Use a local checkpoint instead:
MODEL_CHECKPOINT_PATH=/path/to/key_model.pt mod-key-estimator --wav song.wav --jsonLocal file:
mod-key-estimator --wav song.wav --target-key c --jsonYouTube URL through yt-dlp:
mod-key-estimator --youtube-url "https://www.youtube.com/watch?v=..." --target-key f#If a video requires browser cookies, pass them explicitly:
mod-key-estimator --youtube-url "https://www.youtube.com/watch?v=..." --cookies ./cookies.txtNo cookies file is stored in this repository.
uvicorn modulation_key_estimator.api:app --host 0.0.0.0 --port 8000curl -X POST http://localhost:8000/analyze-file \
-F "file=@song.wav" \
-F "target_key=c"curl -X POST http://localhost:8000/analyze-youtube \
-H "content-type: application/json" \
-d '{"youtube_url":"https://www.youtube.com/watch?v=...","target_key":"c"}'docker build -t modulation-key-estimator .

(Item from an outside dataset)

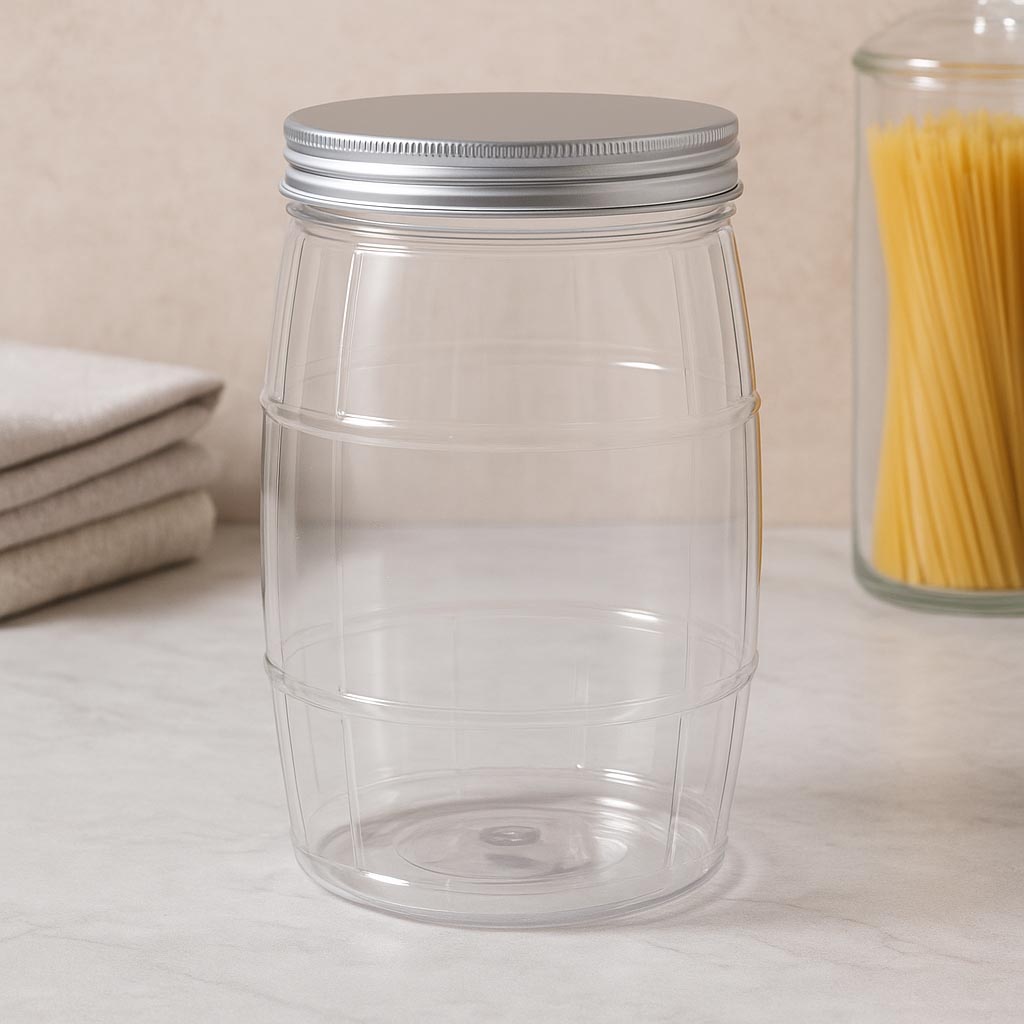 De PET-doos "Vat" combineert een uniek ontwerp met praktische functionaliteit en biedt een gedetailleerde nabootsing van een klassiek houten vat. Met een inhoud van 1,5 liter is hij ideaal voor het bewaren van diverse producten, van levensmiddelen tot decoratieve items. De ruime opening 100/400 maakt eenvoudig vullen en veilig sluiten mogelijk – bijpassende deksels zijn verkrijgbaar in ons assortiment. Dankzij het lichte, onbreekbare PET-materiaal is de doos niet alleen visueel een blikvanger, maar ook bijzonder duurzaam en veelzijdig inzetbaar.

docker run --rm -p 8000:8000 modulation-key-estimator| Item | Value |
|---|---|
| input | mono audio, resampled to 16 kHz |
| features | chroma + HPCP-style 12-bin harmonic features |
| architecture | two-stream Transformer encoder with attention pooling |
| output | 12 pitch-class probabilities per window |
| regioning | probability-shift grouping across neighboring windows |
| checkpoint | GitHub Release asset with SHA-256 verification |
See docs/model-card.md for intended use, limitations, and failure modes.
Run a labeled manifest:
python scripts/evaluate_manifest.py examples/manifest.example.csv --jsonExpected CSV columns:
path,expected_key
path/to/song.wav,cThe script reports exact pitch-class accuracy and per-file predictions. Replace the example manifest with local labeled audio before reporting a benchmark number.

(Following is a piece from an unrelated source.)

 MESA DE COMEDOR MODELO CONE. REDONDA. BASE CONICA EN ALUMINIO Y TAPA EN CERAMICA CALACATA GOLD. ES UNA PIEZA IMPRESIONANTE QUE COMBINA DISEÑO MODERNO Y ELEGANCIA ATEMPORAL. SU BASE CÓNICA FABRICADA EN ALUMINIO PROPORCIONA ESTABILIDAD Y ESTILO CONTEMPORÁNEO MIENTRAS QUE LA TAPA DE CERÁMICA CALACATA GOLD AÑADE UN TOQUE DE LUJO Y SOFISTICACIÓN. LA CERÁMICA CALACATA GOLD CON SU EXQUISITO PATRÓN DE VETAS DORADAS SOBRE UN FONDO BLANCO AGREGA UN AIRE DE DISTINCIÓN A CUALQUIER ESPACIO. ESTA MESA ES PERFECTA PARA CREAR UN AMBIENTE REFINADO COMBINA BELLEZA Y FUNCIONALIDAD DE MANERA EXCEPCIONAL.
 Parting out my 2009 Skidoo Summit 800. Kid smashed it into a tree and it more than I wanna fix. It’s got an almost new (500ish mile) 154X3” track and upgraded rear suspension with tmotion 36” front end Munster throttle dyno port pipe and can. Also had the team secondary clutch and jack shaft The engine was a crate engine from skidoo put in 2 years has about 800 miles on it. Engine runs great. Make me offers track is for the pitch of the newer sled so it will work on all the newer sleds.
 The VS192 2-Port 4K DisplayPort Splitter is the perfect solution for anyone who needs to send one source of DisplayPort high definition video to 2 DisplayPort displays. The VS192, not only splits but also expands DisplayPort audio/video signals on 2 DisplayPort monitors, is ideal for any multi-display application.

This repo currently ships the inference package, model architecture, release checkpoint, and manifest-based evaluation script. It does not yet ship the original training code, training manifest, dataset list, or training logs.
The checkpoint predicts pitch class only: C, C#, ..., B. It does not
model major/minor, modal function, enharmonic spelling, or score-level harmonic
analysis.